(ORDO NEWS) — Climatologists predict that the temperature on Earth will rise by 1.5 degrees Celsius with a 50% chance of maintaining or increasing current levels of greenhouse gas emissions. In 2022, they set another record.
“This year we will set a new record for anthropogenic carbon dioxide emissions despite the need to set reverse records.
Some positive developments are still happening, but the participants of the UN Climate Conference urgently need to take action if we want to avoid a 1.5 degree rise in temperatures Celsius and more,” said Pierre Friedlingstein, professor at the University of Exeter (UK), quoted by the press service of the university.
In December 2015, the Paris Agreement was signed to combat global warming.
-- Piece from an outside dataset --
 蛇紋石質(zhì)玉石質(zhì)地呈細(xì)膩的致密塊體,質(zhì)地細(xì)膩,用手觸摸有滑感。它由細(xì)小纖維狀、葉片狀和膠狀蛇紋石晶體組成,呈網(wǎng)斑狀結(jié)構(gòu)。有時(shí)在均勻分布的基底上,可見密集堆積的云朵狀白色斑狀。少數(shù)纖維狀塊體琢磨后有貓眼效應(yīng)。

Within its framework, the participating countries have committed to voluntarily reduce CO2 emissions in the coming decades in order to keep the average annual temperature increase at around 1.5 or 2 degrees Celsius.
Many climatologists assume that this goal will not be achieved, since for this humanity will have to reduce emissions to zero or even begin to remove carbon dioxide from the atmosphere.
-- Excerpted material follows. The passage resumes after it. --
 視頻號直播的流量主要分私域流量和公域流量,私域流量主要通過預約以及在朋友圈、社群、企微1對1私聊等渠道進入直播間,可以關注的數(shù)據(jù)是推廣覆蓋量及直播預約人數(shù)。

In addition to this, the countries participating in the agreement are developing plans for the accelerated restoration of forests and other natural ecosystems that actively absorb CO2 from the atmosphere.
Rapid growth in emissions
Researchers have found that the key goal of the Paris Agreement may be failed already this decade, despite all the measures taken.
Scientists came to this conclusion in the course of measuring how the level of greenhouse gas emissions has changed in 2022.
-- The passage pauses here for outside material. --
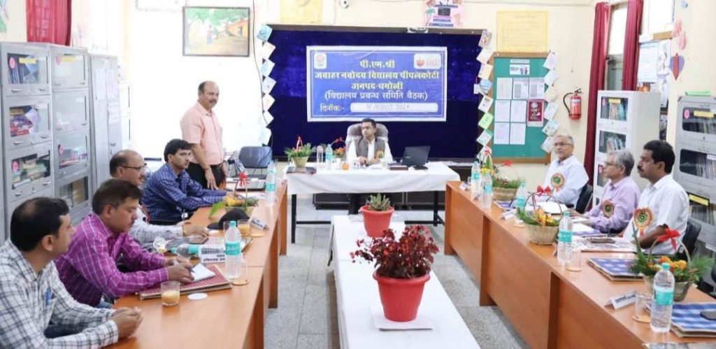 *डीएम की अध्यक्षता में हुई जवाहर नवोदय विद्यालय पीपलकोटी की प्रबंधन समिति की बैठक*चमोली ( प्रदीप लखेड़ा )जिलाधिकारी हिमांशु खुराना ने शनिवार को जवाहर नवोदय विद्यालय पीपलकोटी में विद्यालय प्रबंधन एवं सलाहकार समिति की बैठक ली। उन्होंने विद्यालय संचालन में आ रही समस्याओं का निराकरण करते हुए छात्र-छात्राओं को कैरियर काउंसलिंग के साथ बेहतर सुविधा उपलब्ध कराने के निर्देश दिए। इस दौरान जिलाधिकारी ने सदस्यों के साथ विद्यालय परिसर का स्थलीय निरीक्षण कर व्यवस्थाओं का जायजा भी लिया।जिलाधिकारी ने निर्देश दिए कि विद्यालय में पठन-पाठन के अलावा बच्चों को विभिन्न क्षेत्र की गतिविधियों की जानकारी देकर उनकी कैरियर काउंसलिंग की जाए। ताकि यहां से निकलने के बाद बच्चे अपनी रूचि के अनुसार अपनी प्रतिभा को लेकर आगे बढ सके। उन्होंने मुख्य चिकित्सा अधिकारी को निर्देशित किया कि प्रत्येक बुधवार को विद्यालय परिसर में कैंप लगाकर बच्चों की स्वास्थ्य जांच कराई जाए। जिलाधिकारी ने कहा कि विद्यालय में छात्रावास के पीछे भूस्खलन क्षेत्र के उपचार के लिए वन, सिंचाई एवं पशुपालन अधिकारियों के माध्यम से संयुक्त निरीक्षण कराया जाएगा। उन्होंने निर्देश दिए कि विद्यालय में खेल मैदान विस्तारीकरण और प्रार्थना स्थल पर टिन शेड निर्माण हेतु प्रस्ताव तैयार किया जाए। लोक निर्माण विभाग को शैक्षणिक भवन के समीप मुख्य सड़क का सुधारीकरण और एनएचआईडीएस के माध्यम से विद्यालय के दोनों गेट के समीप सड़क किनारे साइन बोर्ड लगवाने के निर्देश दिए। विद्यालय के कूडा निस्तारण के संबध में जिलाधिकारी ने निर्देश दिए कि पीपलकोटी नगर पंचायत के माध्यम से कार्यशाला आयोजित कर बच्चों को कूड़े का सोर्स सेग्रीगेशन की जानकारी दी जाए और सूखे कूड़े का नगर पंचायत के माध्यम से निस्तारित करें। बैठक में विद्यालय की अन्य समस्याओं पर भी चर्चा करते हुए उनका समाधान किया गया। जिलाधिकारी ने विद्यालय परिसर कक्षा कक्षों, आर्ट रूम, भौतिक विज्ञान लैब, गणित, भाषा व कम्प्यूटर लैब और लाइब्रेरी सहित हॉस्टल में बच्चों के आवासीय कक्षों का निरीक्षण भी किया और विद्यालय की व्यवस्थाओं को और बेहतर बनाने के लिए सुझाव लिए। इस दौरान जिलाधिकारी ने मेधावी छात्रों को सम्मानित भी किया।विद्यालय के प्रधानाचार्य ने समिति के सभी सदस्यों का आभार व्यक्त करते हुए विद्यालय की गतिविधियों की रिपोर्ट प्रस्तुत की। उन्होंने बताया कि वर्तमान में विद्यालय में 193 छात्र व 133 छात्राएं सहित कुल 326 विद्यार्थी अध्ययनरत है। विगत वर्ष में कक्षा 10 और कक्षा 12 का परीक्षा परिणाम शत प्रतिशत रहा। उन्होंने मुख्य शिक्षा अधिकारी से जनपद के कक्षा 5वीं में पढ़ने वाले बच्चों को नवोदय

As climatologists have found, this indicator continued the rapid growth that began last year. It reached 40.6 billion tons of CO2, which is 1% more than last year.
At the same time, scientists found that the amount of CO2 emissions associated with the burning of fossil fuels increased by about 5.1% compared to 2020.
This suggests that the current economic instability and the epidemiological situation have not prevented the recovery and a sharp increase in the use of hydrocarbons in industry and energy.
According to the researchers, this figure is now very close to the record highs of 2019.
If this level of emissions is maintained or increased, Professor Friedlingstein and his colleagues predict that there is a 50% chance that temperatures on Earth will rise by 1.5 degrees Celsius as early as this decade.